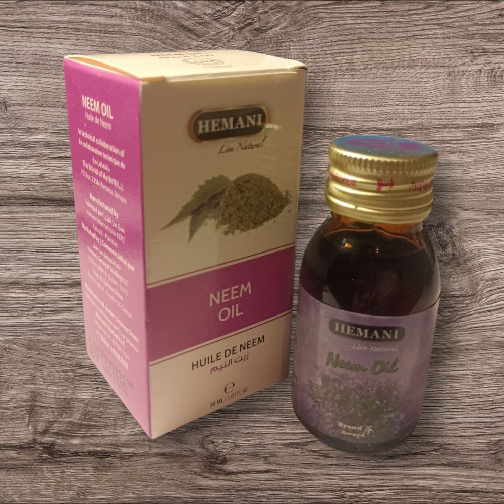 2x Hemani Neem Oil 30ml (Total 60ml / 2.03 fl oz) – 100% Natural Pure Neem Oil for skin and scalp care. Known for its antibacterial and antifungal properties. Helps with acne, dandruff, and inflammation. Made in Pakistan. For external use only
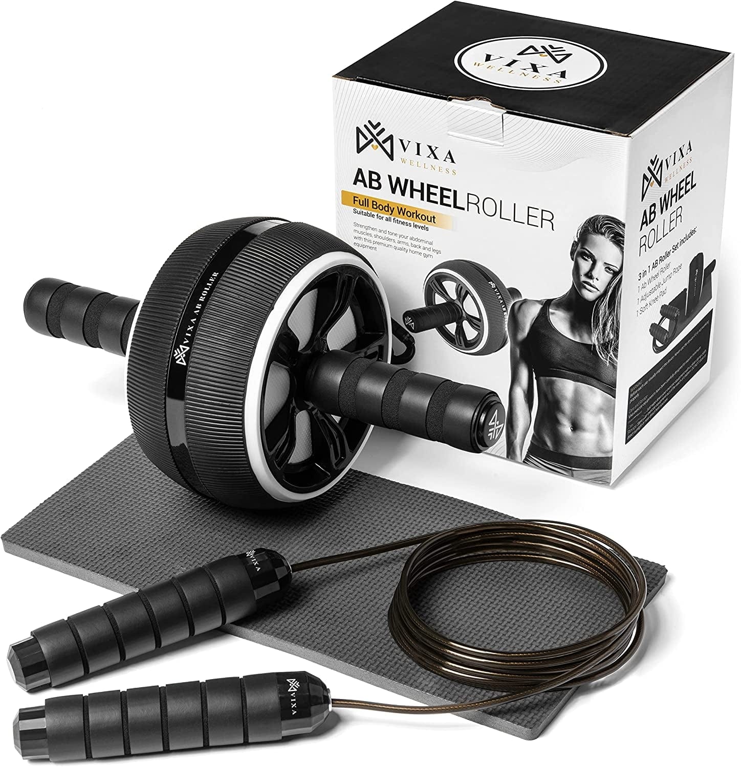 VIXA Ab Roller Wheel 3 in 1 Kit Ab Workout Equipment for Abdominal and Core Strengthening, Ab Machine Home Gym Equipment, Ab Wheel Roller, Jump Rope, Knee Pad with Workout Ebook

—————

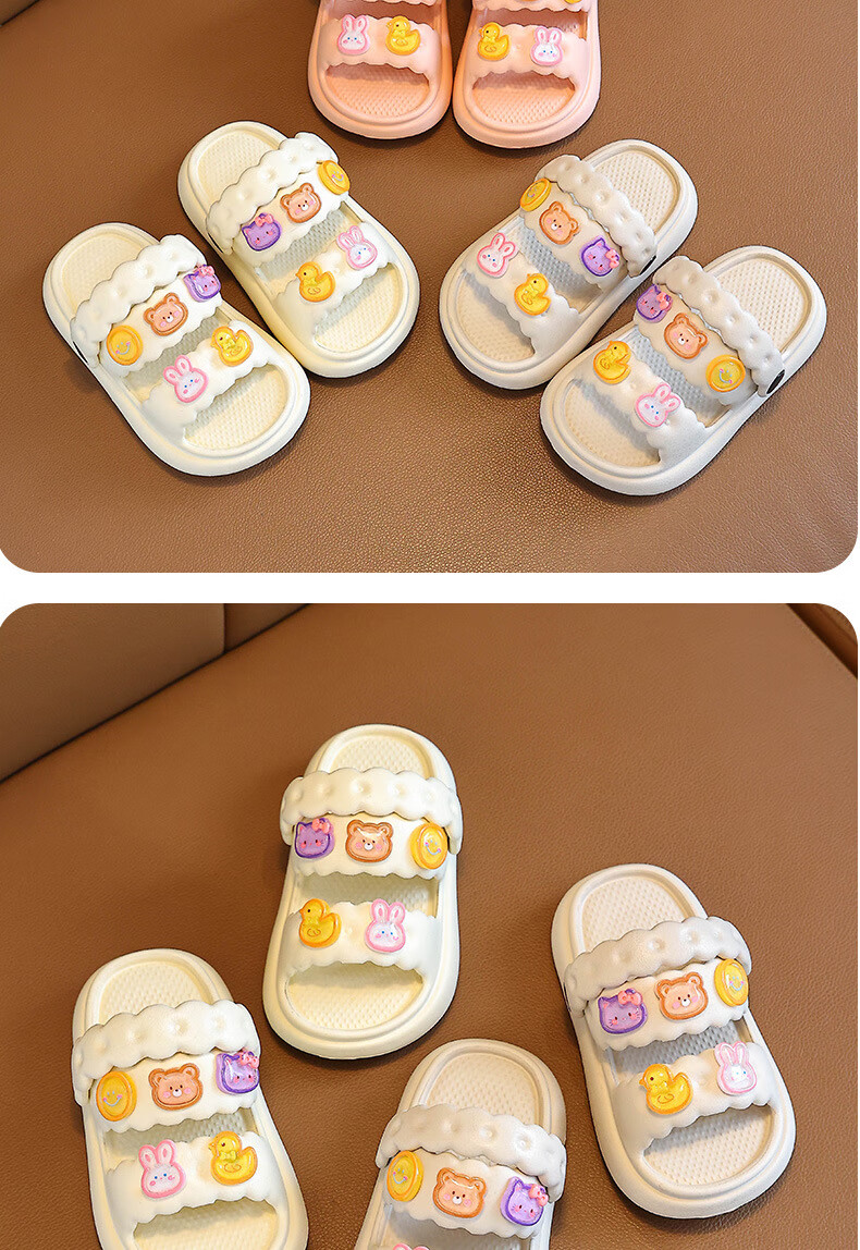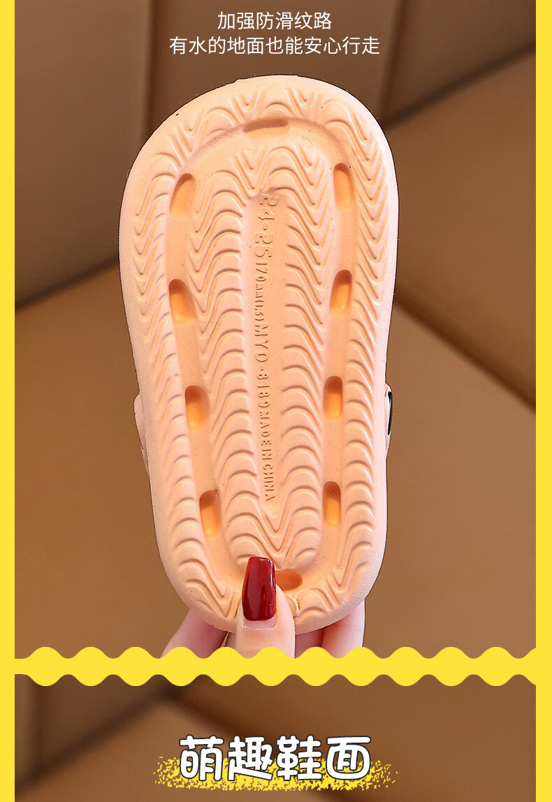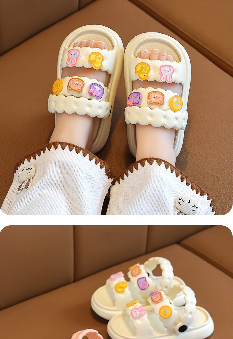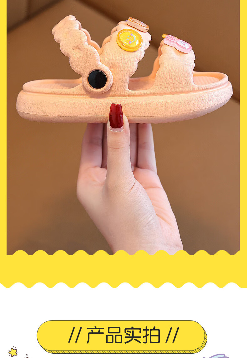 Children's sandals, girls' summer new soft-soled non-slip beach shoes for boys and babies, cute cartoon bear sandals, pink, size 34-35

—————

[What is required]:
Using the data above, print only the lines starting at the one with "2x Hemani Neem" and ending at the one with "VIXA Ab Roller", exactly as they stand, minus the pictures.

[Written reply]:
 2x Hemani Neem Oil 30ml (Total 60ml / 2.03 fl oz) – 100% Natural Pure Neem Oil for skin and scalp care. Known for its antibacterial and antifungal properties. Helps with acne, dandruff, and inflammation. Made in Pakistan. For external use only
 VIXA Ab Roller Wheel 3 in 1 Kit Ab Workout Equipment for Abdominal and Core Strengthening, Ab Machine Home Gym Equipment, Ab Wheel Roller, Jump Rope, Knee Pad with Workout Ebook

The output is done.